### What you are asked to do
Up to and including the line that contains "การเทรด forex AUDJPY", repeat the entries below exactly from the first line on. Do not carry over any pictures.

Segment Open

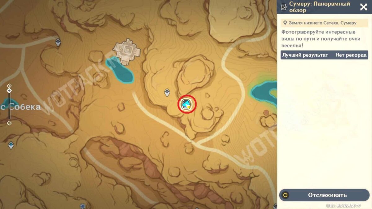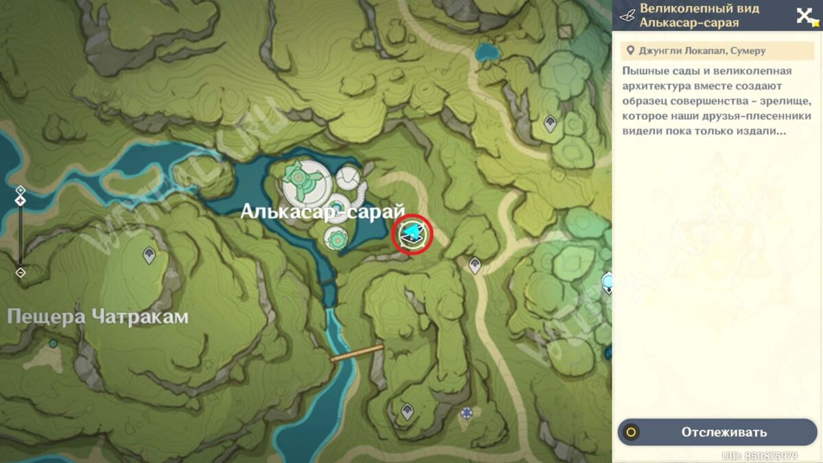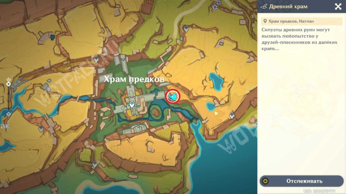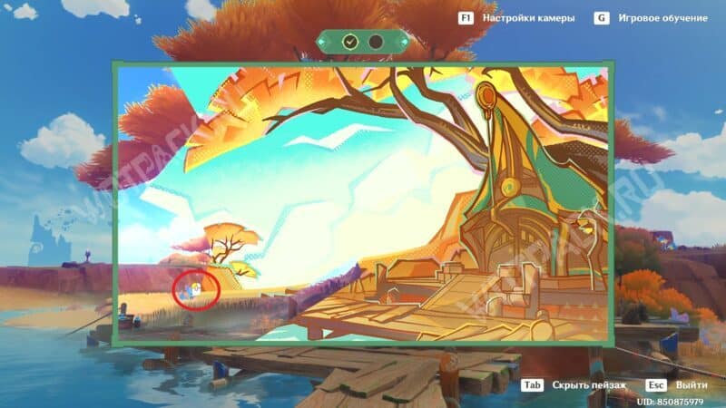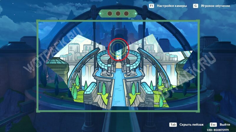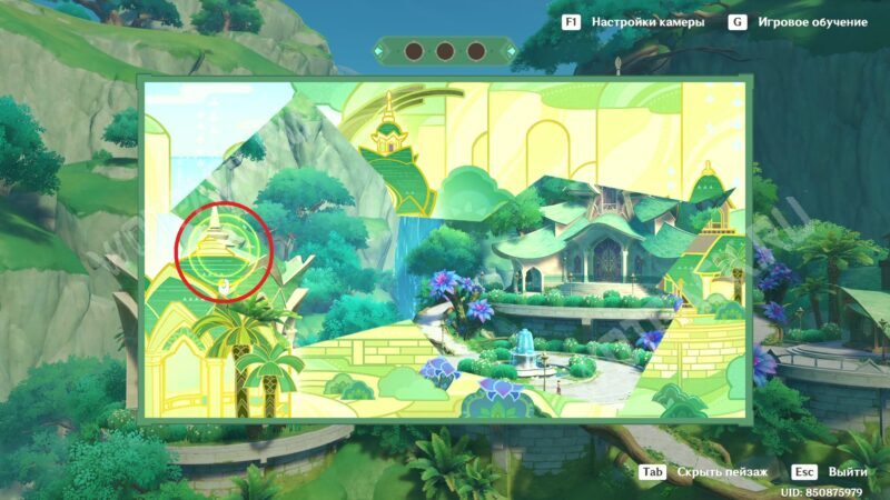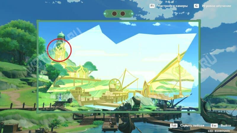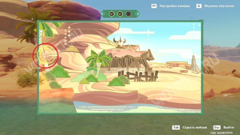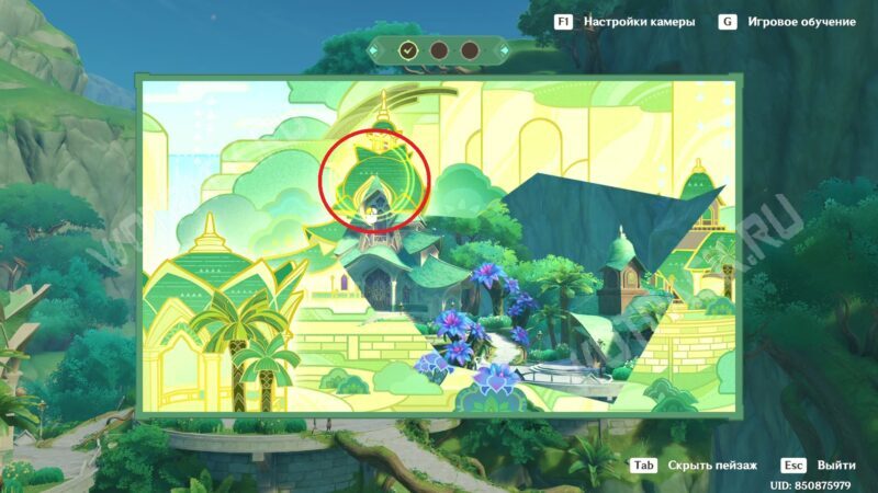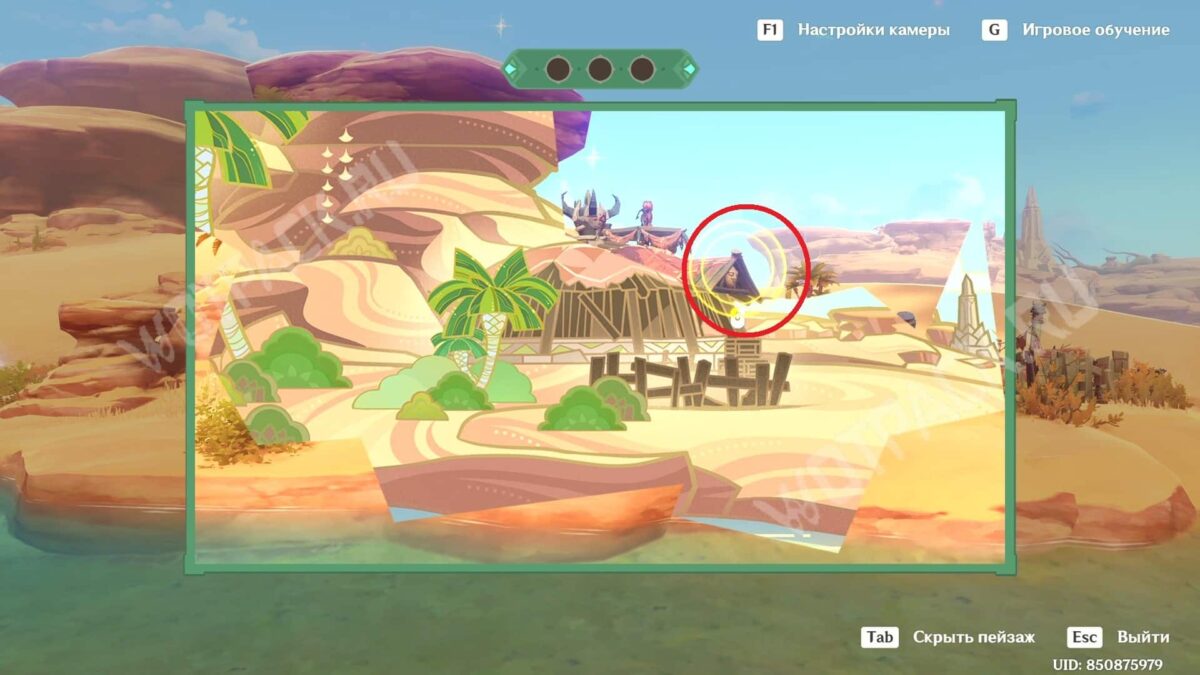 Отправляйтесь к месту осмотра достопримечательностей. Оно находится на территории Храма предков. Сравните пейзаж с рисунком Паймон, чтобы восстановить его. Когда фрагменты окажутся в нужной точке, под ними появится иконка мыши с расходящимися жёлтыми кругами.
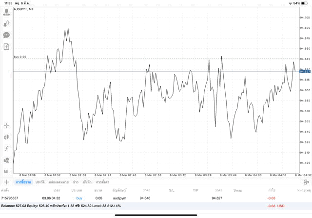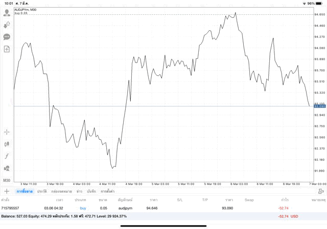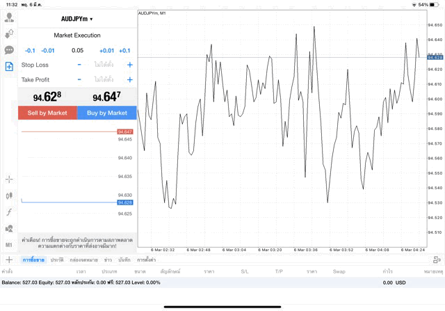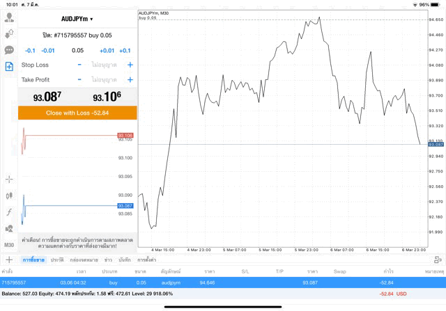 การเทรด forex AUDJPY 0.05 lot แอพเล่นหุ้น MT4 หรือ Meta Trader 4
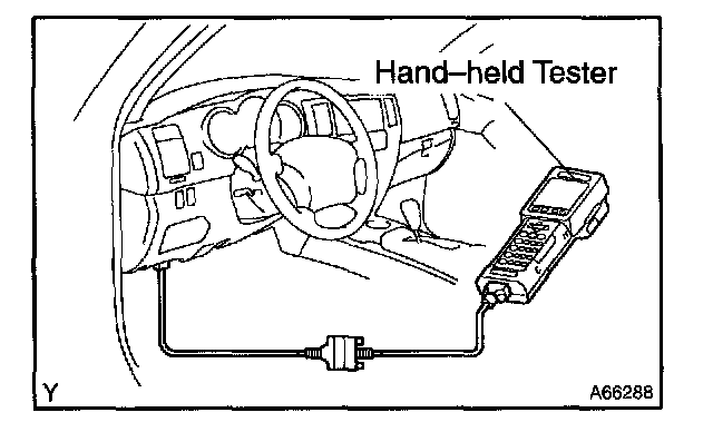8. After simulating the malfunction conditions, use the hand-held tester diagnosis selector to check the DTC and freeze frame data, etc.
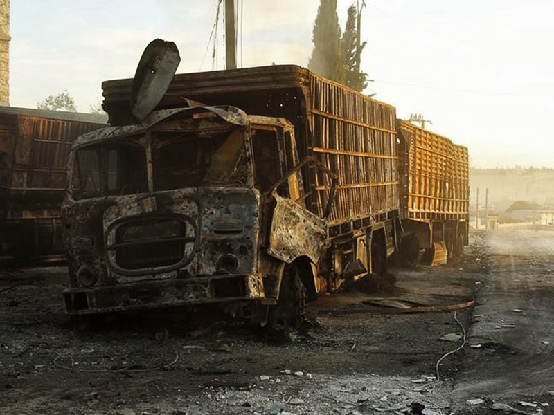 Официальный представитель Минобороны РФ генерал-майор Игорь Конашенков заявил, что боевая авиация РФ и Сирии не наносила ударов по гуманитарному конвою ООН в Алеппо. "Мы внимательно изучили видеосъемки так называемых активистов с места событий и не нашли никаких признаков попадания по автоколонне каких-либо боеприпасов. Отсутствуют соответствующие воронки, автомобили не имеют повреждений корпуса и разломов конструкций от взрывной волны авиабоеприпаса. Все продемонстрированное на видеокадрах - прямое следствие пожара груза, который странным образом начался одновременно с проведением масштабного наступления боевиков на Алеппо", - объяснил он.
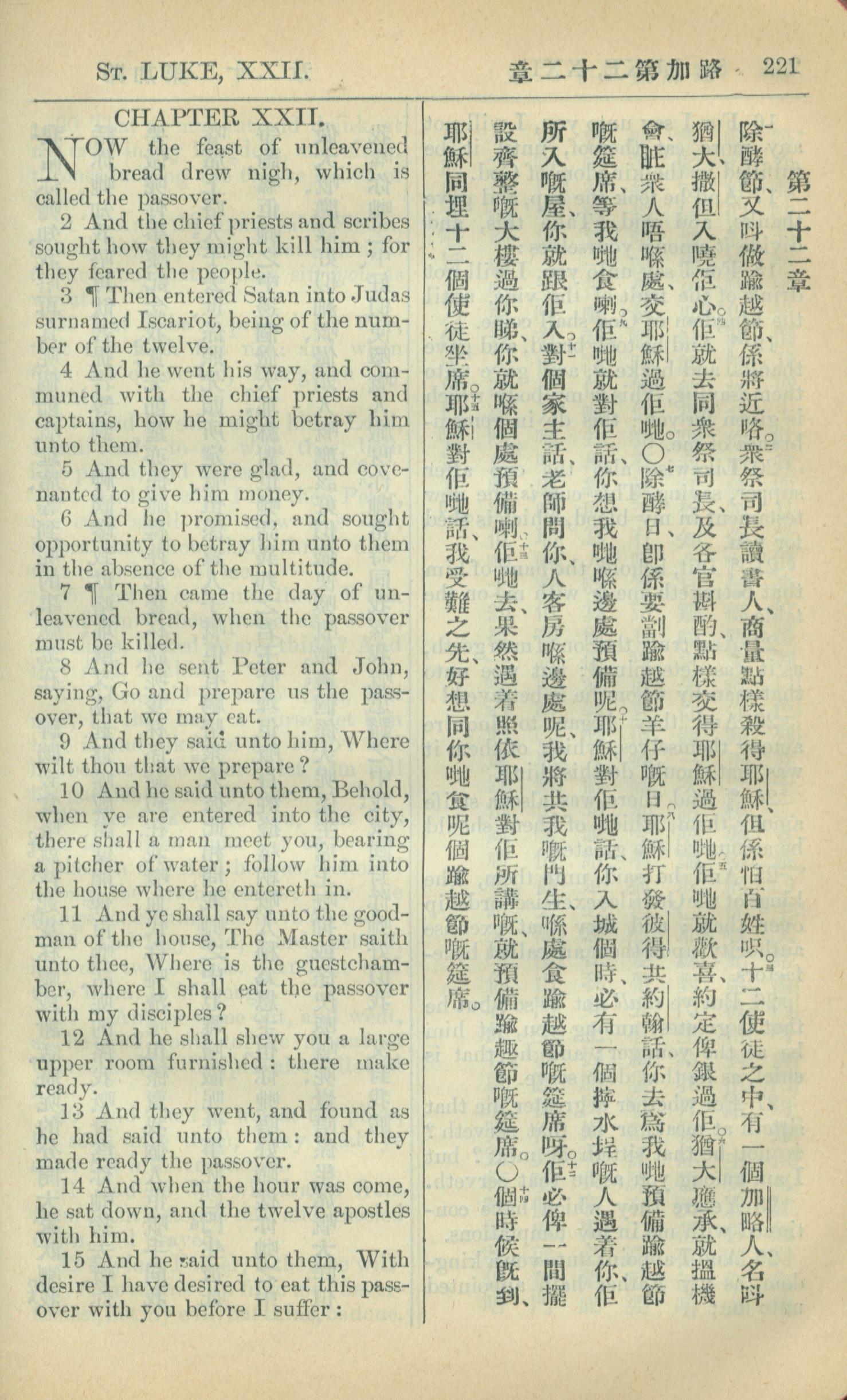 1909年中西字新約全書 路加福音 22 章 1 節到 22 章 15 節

Segment Closed

### Answer for this exercise
 Отправляйтесь к месту осмотра достопримечательностей. Оно находится на территории Храма предков. Сравните пейзаж с рисунком Паймон, чтобы восстановить его. Когда фрагменты окажутся в нужной точке, под ними появится иконка мыши с расходящимися жёлтыми кругами.
 การเทรด forex AUDJPY 0.05 lot แอพเล่นหุ้น MT4 หรือ Meta Trader 4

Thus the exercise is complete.